**Exercise objective**
The listing below must be repeated word for word, without its pictures.

Segment Start: Source material

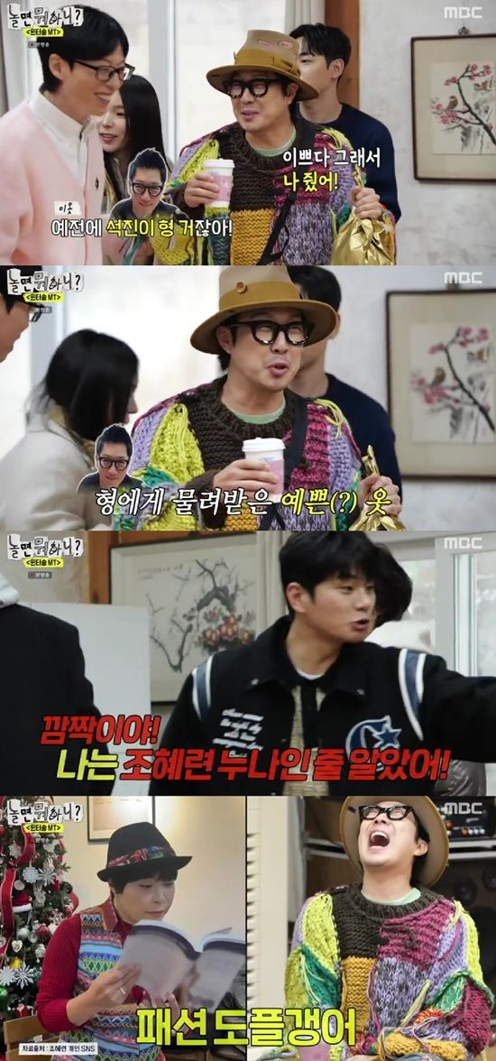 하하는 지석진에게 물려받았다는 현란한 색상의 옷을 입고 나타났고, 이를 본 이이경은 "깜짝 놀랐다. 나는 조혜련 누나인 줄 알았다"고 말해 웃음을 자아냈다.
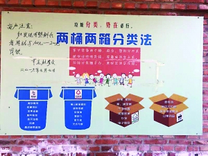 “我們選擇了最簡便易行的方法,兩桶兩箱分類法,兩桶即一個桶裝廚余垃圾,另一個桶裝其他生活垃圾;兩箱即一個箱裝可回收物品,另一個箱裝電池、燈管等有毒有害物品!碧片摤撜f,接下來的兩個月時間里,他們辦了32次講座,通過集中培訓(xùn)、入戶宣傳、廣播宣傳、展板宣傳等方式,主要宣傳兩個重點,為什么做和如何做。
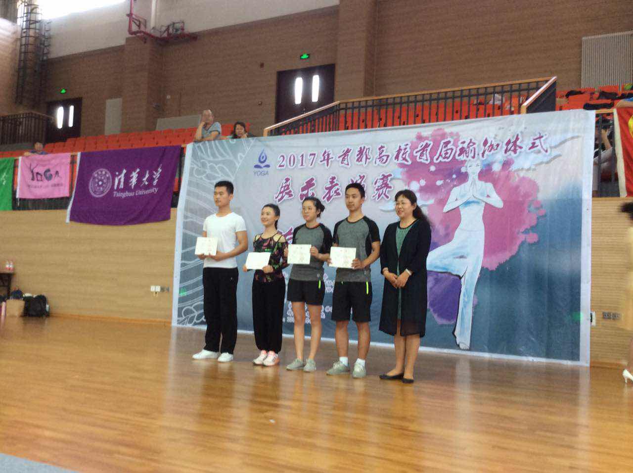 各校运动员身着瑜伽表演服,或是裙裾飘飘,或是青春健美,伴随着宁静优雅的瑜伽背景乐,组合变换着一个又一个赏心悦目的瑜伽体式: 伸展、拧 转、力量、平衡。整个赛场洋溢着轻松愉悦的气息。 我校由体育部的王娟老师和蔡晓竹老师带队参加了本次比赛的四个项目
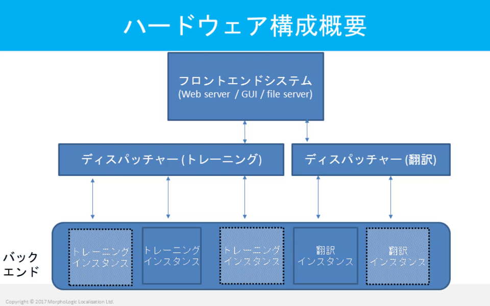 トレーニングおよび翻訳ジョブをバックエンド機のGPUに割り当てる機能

Segment End: Source material

**Finished task**
 하하는 지석진에게 물려받았다는 현란한 색상의 옷을 입고 나타났고, 이를 본 이이경은 "깜짝 놀랐다. 나는 조혜련 누나인 줄 알았다"고 말해 웃음을 자아냈다.
 “我們選擇了最簡便易行的方法,兩桶兩箱分類法,兩桶即一個桶裝廚余垃圾,另一個桶裝其他生活垃圾;兩箱即一個箱裝可回收物品,另一個箱裝電池、燈管等有毒有害物品!碧片摤撜f,接下來的兩個月時間里,他們辦了32次講座,通過集中培訓(xùn)、入戶宣傳、廣播宣傳、展板宣傳等方式,主要宣傳兩個重點,為什么做和如何做。
 各校运动员身着瑜伽表演服,或是裙裾飘飘,或是青春健美,伴随着宁静优雅的瑜伽背景乐,组合变换着一个又一个赏心悦目的瑜伽体式: 伸展、拧 转、力量、平衡。整个赛场洋溢着轻松愉悦的气息。 我校由体育部的王娟老师和蔡晓竹老师带队参加了本次比赛的四个项目
 トレーニングおよび翻訳ジョブをバックエンド機のGPUに割り当てる機能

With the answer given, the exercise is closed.